After this central trio was formed, Salazar was able to play harmonies and add structures to their music, and little by little Chacombo started to form. The band members started making arrangements of different traditional tunes, and more people started jumping into the mix.
For Salazar, forming Chacombo has been a full-circle moment because now he’s spreading the music he first heard in the neighborhoods of Peru as a young boy.
“I grew up in Peru, so I came here when I was 12 years old,” he said. “In Peru, I was already playing keyboard. I was taking private lessons, and I was inclined to music a lot. Where I grew up, in this is old, old neighborhood … right there it’s kind of the birthplace of Música Criolla. Creole music they call it, and so I just grew up all around it. And part of that I think influenced me just by watching and hearing it. I never thought I would be playing this kind of music.”
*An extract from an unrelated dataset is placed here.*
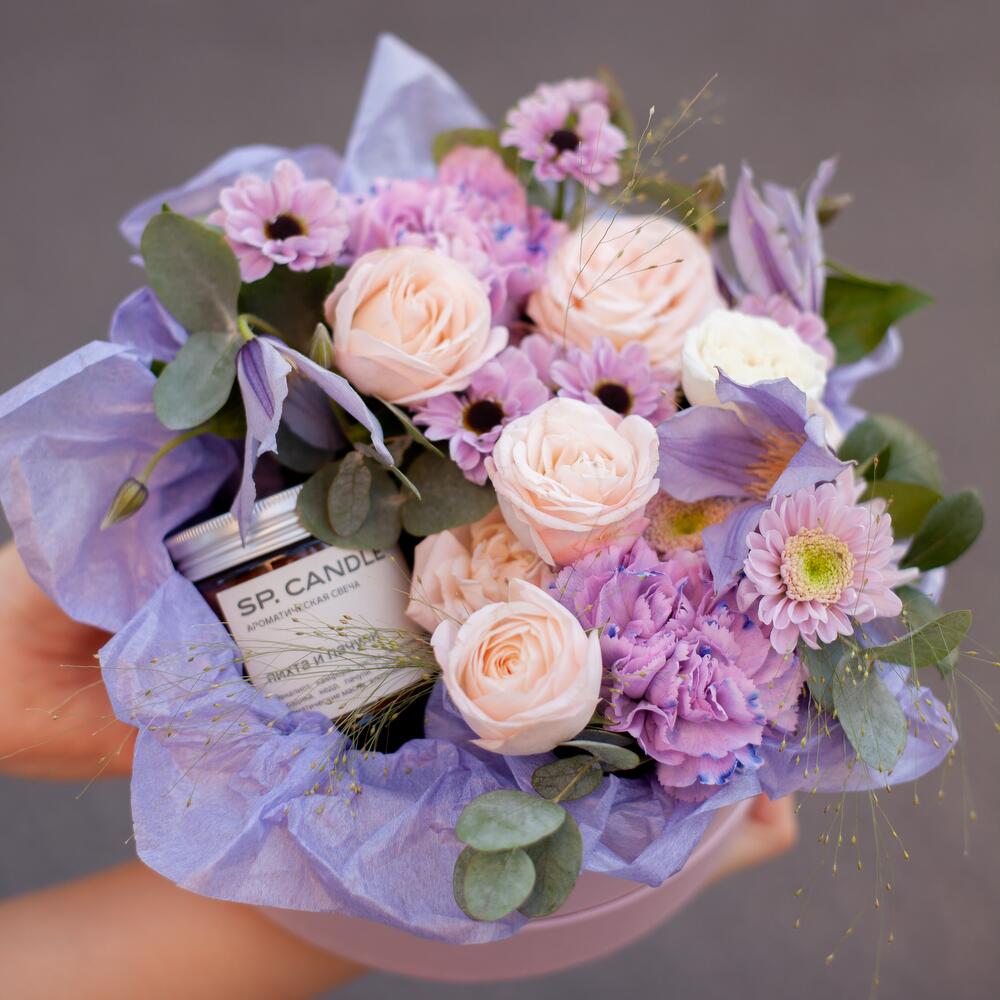 Аромасвеча – 1 шт.Шляпная коробка – 1 шт.Тишью – 1 шт.Кустовая пионовидная роза – 2 шт.Диантус – 2 шт.Кустовая хризантема – 2 шт.Клематис – 1 шт.Эвкалипт – 2 шт.

Salazar loves playing the guitar, an instrument he called one of the best in the world. He is so impressed by the cultural versatility of the guitar; after all, many communities and neighborhoods around the world share a love for this stringed instrument.
“I mean you can take it anywhere,” he said. “You can play it anywhere, and it’s found pretty much in every single culture. It’s not like a slide guitar or a charango [Andean lute] or something more cultural that is found in a specific style of music. The guitar itself you can find everywhere. … I was 16 when I started playing, and when I hit the strings, it started vibrating my hand. And that was something new. That was something that the piano didn’t do for me or the keyboard.”
When Chacombo play a concert, there are usually many members of the Peruvian and Peruvian-American community in the crowd. However, the band has also played concerts for a diverse number of communities, where they are teaching the audience about these traditional songs, instruments and dances. Salazar loves both types of gigs.
“The crowd is very mixed,” he said. “Because we are Peruvian and we are involved with the community, we do community events where a lot of the people are mainly Peruvian, and then they maybe have a significant other that’s from Latin America or South America. But we’ve also performed at several universities where the crowd is not Peruvian at all — nobody pretty much — but everybody starts dancing. … They can expect a lot of fun, a lot of fire. Our percussion section is just on fire and blends well with the sounds of the guitar, the keyboard, the bass, and then we have vocals that are just attacking and making people move. Also Chacombo is not just the band. Chacombo is Afro-Peruvian music and dance, so we also have dancers that come out maybe every couple of songs to perform traditional dances with full-on costumes.”
As far as the future of the band, Salazar said that the members are sitting down and writing original music. Right now, they play traditional Afro-Peruvian music that has been arranged by the band members, but they want to venture into newer material.
“The next thing is just to keep sharing and spreading the love,” he said. “I want to be able to get out there to more museums, more universities, more cultural places where we can empower others to also want to embrace their culture. In this case, Afro-ethnicity is sometimes not well put in Latin America. Not everybody is aware that we have Afro-Mexican, Afro-Peruvian or many other ethnicities, so that’s one of the main purposes of the band, to be able to have a voice and empower other people to also be able to embrace their culture. And we can have more diversity in L.A. because it’s a beautiful city where we can be able to blend everything. The more we do it, I think everybody has more fun.”